Start the inference server with the Qwen3-TTS model:
vllm serve Qwen/Qwen3-TTS-12Hz-1.7B-CustomVoice \
--stage-configs-path vllm_omni/model_executor/stage_configs/qwen3_tts.yaml \
--omni \
--port 8091 \
--trust-remote-code \
--enforce-eager
Navigate to the example directory:
cd vllm-omni/examples/online_serving/qwen3_tts
Basic TTS Generation
python openai_speech_client.py \
--text "If you must run natively, you can attempt to build the package from source." \
--voice vivian \
--language English
Voice Cloning (Base Model)
python openai_speech_client.py \
--model Qwen/Qwen3-TTS-12Hz-1.7B-Base \
--task-type Base \
--text "Hello, this is a cloned voice" \
--ref-audio /path/to/reference.wav \
--ref-text "Original transcript of the reference audio"
Expected output:
(APIServer pid=14365) INFO 02-21 16:24:29 [launcher.py:47] Route: /v1/responses, Methods: POST
(APIServer pid=14365) INFO 02-21 16:24:29 [launcher.py:47] Route: /v1/responses/{response_id}, Methods: GET
(APIServer pid=14365) INFO 02-21 16:24:29 [launcher.py:47] Route: /v1/responses/{response_id}/cancel, Methods: POST
(APIServer pid=14365) INFO 02-21 16:24:29 [launcher.py:47] Route: /v1/completions, Methods: POST
(APIServer pid=14365) INFO 02-21 16:24:29 [launcher.py:47] Route: /v1/completions/render, Methods: POST
(APIServer pid=14365) INFO 02-21 16:24:29 [launcher.py:47] Route: /v1/messages, Methods: POST
(APIServer pid=14365) INFO 02-21 16:24:29 [launcher.py:47] Route: /v1/chat/completions, Methods: POST
(APIServer pid=14365) INFO 02-21 16:24:29 [launcher.py:47] Route: /v1/audio/speech, Methods: POST
(APIServer pid=14365) INFO 02-21 16:24:29 [launcher.py:47] Route: /v1/audio/voices, Methods: GET
(APIServer pid=14365) INFO 02-21 16:24:29 [launcher.py:47] Route: /health, Methods: GET
(APIServer pid=14365) INFO 02-21 16:24:29 [launcher.py:47] Route: /v1/models, Methods: GET
(APIServer pid=14365) INFO 02-21 16:24:29 [launcher.py:47] Route: /v1/images/generations, Methods: POST
(APIServer pid=14365) INFO 02-21 16:24:29 [launcher.py:47] Route: /v1/images/edits, Methods: POST
(APIServer pid=14365) INFO 02-21 16:24:29 [launcher.py:47] Route: /v1/videos, Methods: POST
(APIServer pid=14365) INFO: Started server process [14365]

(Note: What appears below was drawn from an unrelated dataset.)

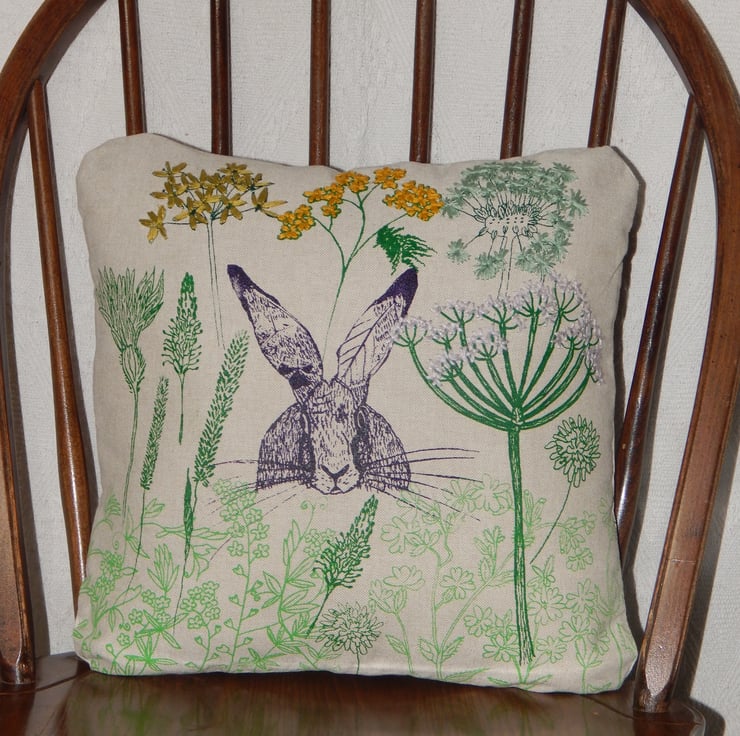 This is a cotton cushion that I have screen printed with a Hare in the Hedgerow. the Hare is printed in a purple and his ears are patterned with leaves that were in the area of the hare that I photographed to use for a screen design. To the base of the hare are forget me not and pink campion flowers. Around him are cow parsley, dandelion clock, yarrow, plantain, wild garlic and grasses. It is an envelope style back with poppers. The cushion measures 32cm in length by 32 cm in width.
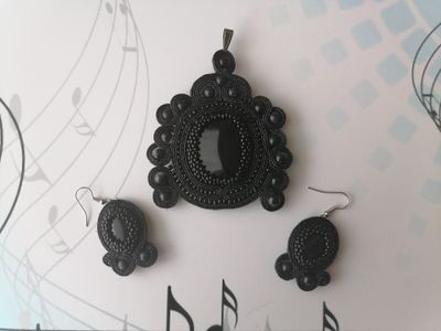 Черный цвет в одежде — признак элегантности и роскоши. Одним из самых противоречивых цветов является черный. Одни его считают слишком мрачным и траурным, другие – элегантным и благородным. Безусловно, одно – черный цвет является универсальным, он одинаково уместен на работе и на вечернем мероприятии... На фото сутажный комплект "Песня ночи", состоящий из пары серег и кулона .

(APIServer pid=14365) INFO: Waiting for application startup.
(APIServer pid=14365) INFO: Application startup complete.
(APIServer pid=14365) INFO 02-21 16:25:04 [serving_speech.py:329] TTS speech request speech-93e6b197b84010fc: text='If you must run natively, you can attempt to build...', task_type=CustomVoice
(APIServer pid=14365) INFO 02-21 16:25:04 [async_omni.py:316] [AsyncOrchestrator] Entering scheduling loop: stages=2, final_stage=1
(Worker pid=15018) [Stage-1] INFO 02-21 16:25:07 [qwen3_tts_code2wav.py:183] Code2Wav codec: frames=25 q=16 uniq=356 range=[2,2021] head=[[1995, 1159, 355, 22, 1174, 1093, 625, 1814], [1028, 1800, 261, 826, 911, 1164, 1381, 1610]]
[Stage-1] WARNING 02-21 16:25:10 [output_processor.py:127] Error concatenating tensor for key sr; keeping last tensor
(APIServer pid=14365) INFO: 127.0.0.1:60310 - "POST /v1/audio/speech HTTP/1.1" 200 OK
This setup has been validated on DGX Spark with CUDA 13.0.